Missing values were imputed using Predictive Mean Matching (PMM) in the ‘mice’ package [47]. PMM was chosen as it produces the least biased estimates and better model performance measures compared to other methods [48]. PMM involves calculating missing values by drawing real values from the data. Item-level data were imputed individually and the total score of each of the scales was imputed in a deterministic way [49]. Pre-intervention data were imputed separately from post-intervention data to reduce the number of predictors [49]. Because the proportion of item-level missing data was low, 1 imputation with 10 iterations was used. Sensitivity analyses were performed using complete cases (n = 133) to examine differences between imputed and complete data.
Pre- and post- intervention comparisons
Paired sample t-tests were performed to examine mean differences between pre- and post- intervention using the ‘stats’ package [46].
Network estimation
To explore interrelations among symptoms before and after treatment, pre- and post- intervention networks were estimated using the ‘bootnet’ package [50]. Networks are graphical models composed of nodes and edges. Nodes represent symptoms, whilst edges represent cross-sectional associations between the symptoms. Gaussian graphical models (GGM), (i.e., networks representing partial correlations between two variables after accounting for the effects of all other variables in the network) [51, 52] were generated using the graphical least absolute shrinkage and selection operator (GLASSO) method with the extended Bayesian information criterion (EBIC). The GLASSO regularisation procedure was used to minimise the likelihood of false positive associations to control for spurious relationships. The EBIC uses a hyperparameter (γ) that determines how much the EBIC will prefer simpler models. A value of 0 suggests a liberal model with many edges, potentially spurious ones, whereas a value of 0.5 suggests a more conservative model with fewer (and likely missing) edges [53]. A γ value of 0.25 was used in this case to balance the detection rate, ensuring that the models are neither too simple nor too complex.

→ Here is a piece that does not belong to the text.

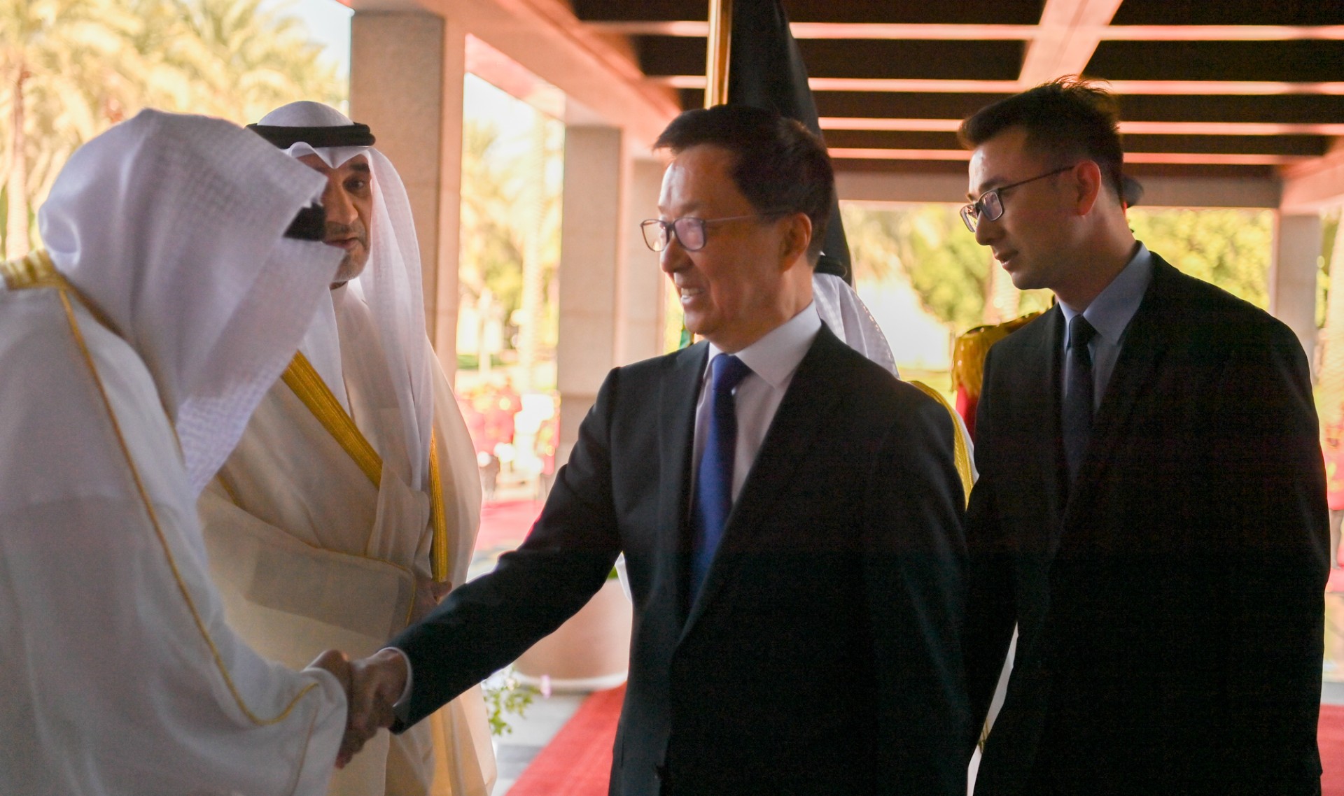 The reception ceremony began with the national anthems of both countries. The Chinese delegation included Vice Chairman of the National Development and Reform Commission, Wang Changlin, the Vice Minister of Transport, Xu Chengguang, the Chinese government's special envoy for the Middle East issue, Zhai Jun, and the Assistant Minister of Commerce, Yuan Xiaoming.

Networks were constructed using Spearman correlations, since variables are ordinal [54]. Networks were plotted using the R-package ‘qgraph’ [55]. The direction of the relationship between nodes is indicated by the colour of the edges (green = positive, red = negative), whereas the strength of the relationship between nodes is indicated by the thickness and density of the edges (i.e., thick lines suggest stronger associations).
Centrality measures
The centralityPlot function in the ‘qgraph’ package [55] was used to estimate centrality indices including strength, expected influence, betweenness and closeness and examine which symptoms exerted the greatest influence upon voice-related distress. Strength refers to the sum of the absolute edge weights and reflects the importance of a symptom in the network [50]. Expected influence is a centrality metric referring to the sum of all edges, taking into account negative associations among symptoms [56]. Closeness refers to the average distance from a symptom to other symptoms [57]. Betweenness measures the number of times a symptom lies within the shortest path between two other symptoms [57].
Network comparison test
Differences between pre- and post- intervention networks were examined using the ‘Network Comparison Test’ package [58]. The Network Comparison Test uses resampling-based permutation testing for direct comparison of two networks on three invariance measures. It involves resampling the data, estimating networks and calculating metric from the resampled data, and then comparing the metric from the observed data to the generated reference distribution [59]. The Network Comparison Test can be used to test differences in network connectivity, network structure and individual edge weights. A significant difference corresponds to a lack of invariance and is indicated if p < .05.
Network stability and accuracy
The ‘bootnet’ package [50] was used to examine the stability and accuracy of the networks. Given that data are ordinal, the accuracy of edge weights was assessed using non-parametric bootstrapping (N = 1000, 95% Confidence Intervals [CIs]). Case-dropping bootstrapping (N = 1000) (i.e., dropping rows from data) was performed to calculate the correlation stability (CS) coefficient, which indicates the proportion of cases that could be dropped from the analyses, such that the correlation between the bootstrapped estimates and those of the original sample is at least 0.7 with 95% CIs. A CS-coefficient above 0.25 represents a moderately stable network, however, a CS-coefficient above 0.50 is preferable to interpret centrality differences [50].
Results
Participant characteristics
The imputed sample comprised of 105 females (61%) with a mean age of 35.86 (SD = 15.15). Most participants had a diagnosis of Schizophrenia (21.5%) or a mixed diagnosis (20.9%), were of White ethnicity (91.3%) and had a mean age of voice onset of 20.93 (SD = 13.35). Participant characteristics for imputed and complete cases are reported in Table 1. On average, there were significant improvements in all symptoms from pre- to post- intervention(s) with small-to-medium pre-post effect sizes (Table 2). A correlation matrix can be found in Table S2.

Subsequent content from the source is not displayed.